Once everything is configured and working you can log out and let the cacheing being. It helps to click through the site to allow the cache to build up, but this will happen automatically if your site gets a decent amount of traffic. In the AWS control panel you can check on your cache cluster in the CloudWatch tab where you can keep track of how much memory and cpu is being utilized at any given time. You can also set up alerts so that if you run out of cache, you get notified so you can easily add some nodes.

We hope to employ this same cacheing cluster on our main cooperhewitt.org website, as well as a number of our other web properties in the near future.

Media servers and some open sourceness

We use Amazon S3 for a good portion of our media hosting. It’s a simple and cost effective solution for serving up assets big and small. When we moved initially to Drupal 6.x ( about a year ago ) I wanted to be sure that we would use S3 for as many of our assets as possible. This tactic was partly inspired by wanting to keep the Drupal codebase nice and clean, and also to allow us to scale horizontally if needed ( multiple app servers behind a load balancer ).

Horizontal Scaling

Horizontal Scaling

So in an attempt to streamline workflows, we modified thisĀ amazon_s3 Drupal module a little. The idea was to allow authors to easily use the Drupal node editor to upload their images and PDFs directly to our S3 bucket. It would also rewrite the URLs to pull the content from our CloudFront CDN. It also sorts your images into folders based on the date ( a-la-Wordpress).

amazon_s3

Our fork of amazon_s3 rewrite the URL for our CDN, and sorts into folders by date.

I’ve opened sourced that code now which is simply a fork of the amazon_s3 module. It works pretty well on Drupal 6.x. It has an issue where it uploads assets with some incorrect meta-data.
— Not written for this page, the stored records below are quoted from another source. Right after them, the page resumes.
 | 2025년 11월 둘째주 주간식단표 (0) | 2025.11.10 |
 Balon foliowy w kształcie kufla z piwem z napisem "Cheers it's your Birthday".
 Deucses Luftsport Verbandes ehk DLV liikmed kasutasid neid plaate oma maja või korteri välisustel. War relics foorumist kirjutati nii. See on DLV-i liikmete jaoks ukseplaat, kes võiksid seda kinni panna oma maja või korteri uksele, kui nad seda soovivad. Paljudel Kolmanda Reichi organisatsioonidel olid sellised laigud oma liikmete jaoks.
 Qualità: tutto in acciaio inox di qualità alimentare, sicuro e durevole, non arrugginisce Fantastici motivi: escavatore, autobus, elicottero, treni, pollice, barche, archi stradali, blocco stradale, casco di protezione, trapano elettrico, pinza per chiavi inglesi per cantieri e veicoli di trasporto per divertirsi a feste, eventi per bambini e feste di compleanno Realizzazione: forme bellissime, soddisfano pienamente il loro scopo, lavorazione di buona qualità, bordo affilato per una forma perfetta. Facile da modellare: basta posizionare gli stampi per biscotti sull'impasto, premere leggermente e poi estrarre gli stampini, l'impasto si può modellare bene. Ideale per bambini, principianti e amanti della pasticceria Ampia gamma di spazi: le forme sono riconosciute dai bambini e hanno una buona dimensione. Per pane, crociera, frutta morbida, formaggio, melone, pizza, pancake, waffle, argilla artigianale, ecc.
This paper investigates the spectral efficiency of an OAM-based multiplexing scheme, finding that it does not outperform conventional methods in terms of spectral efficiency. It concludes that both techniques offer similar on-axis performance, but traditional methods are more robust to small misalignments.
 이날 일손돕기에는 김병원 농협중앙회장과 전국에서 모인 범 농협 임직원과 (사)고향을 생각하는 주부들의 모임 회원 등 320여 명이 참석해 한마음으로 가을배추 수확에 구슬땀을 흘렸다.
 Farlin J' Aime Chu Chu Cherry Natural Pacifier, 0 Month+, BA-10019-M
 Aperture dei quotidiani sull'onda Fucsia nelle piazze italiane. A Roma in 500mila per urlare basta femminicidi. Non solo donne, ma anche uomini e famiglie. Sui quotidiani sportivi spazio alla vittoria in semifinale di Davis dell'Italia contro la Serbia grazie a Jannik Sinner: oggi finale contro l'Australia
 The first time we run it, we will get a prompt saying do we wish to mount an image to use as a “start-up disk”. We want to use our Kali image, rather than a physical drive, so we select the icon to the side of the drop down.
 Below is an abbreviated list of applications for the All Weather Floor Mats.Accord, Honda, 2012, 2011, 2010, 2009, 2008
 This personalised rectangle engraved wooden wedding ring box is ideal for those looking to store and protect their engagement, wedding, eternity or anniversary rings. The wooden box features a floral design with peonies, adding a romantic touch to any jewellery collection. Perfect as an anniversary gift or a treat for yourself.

It’s really only a problem for uploaded PDFs where the files will download but won’t open in your browser. This has to do with the S3 metadata tag of application/octet-stream vs. application/pdf. All in all I think its a pretty useful module.

As we move towards migrating to Drupal 7, I have been doing some more research about serving assets via S3 and CloudFront. Additionally, it seems that the Drupal community have developed some new modules which should help streamline a few things

Custom Origin

Create a CloudFront distribution for you whole site using a custom origin

As of a couple years ago Amazon’s CloudFront CDN allows you to use a custom origin. This is really great as you can simply tell it to pull from your own domain rather than an S3 bucket.

So for example, I set this blog up with a CloudFront distribution that pulls direct from http://labs.cooperhewitt.org. The resultant distribution is at http://d2y3kexd1yg34t.cloudfront.net. If you go to that URL you should see a mirror of this site. Then all we have to do is install a plugin for WordPress to replace static asset URLs with the CloudFront URL. You might notice this in action if you inspect the URL of any images on the site. You can of course add a CNAME to make the CloudFront URL prettier, but it isn’t required.

On the Drupal end of things, there is a simple module called CDN that does the same thing as we are doing here via the WordPress W3TC plugin. It simply replaces static asset files with your CloudFront domain. Additionally, I see there is now a new Drupal module called amazons3 ( note the lack of the underscore ). This module is designed to allow Drupal to replace it’s default file system with your S3 bucket. So, when a user uploads files through the Drupal admin interface ( which normally sends files to sites/default/files on your local server ) files automatically wind up in your S3 bucket.

I haven’t gotten this to work as of yet, but I think it’s a promising approach. Using this setup, you could maintain a clean and scalable Drupal codebase, keeping all of your user uploaded assets on an S3 bucket without much change to the standard workflow within the Drupal backend. NICE!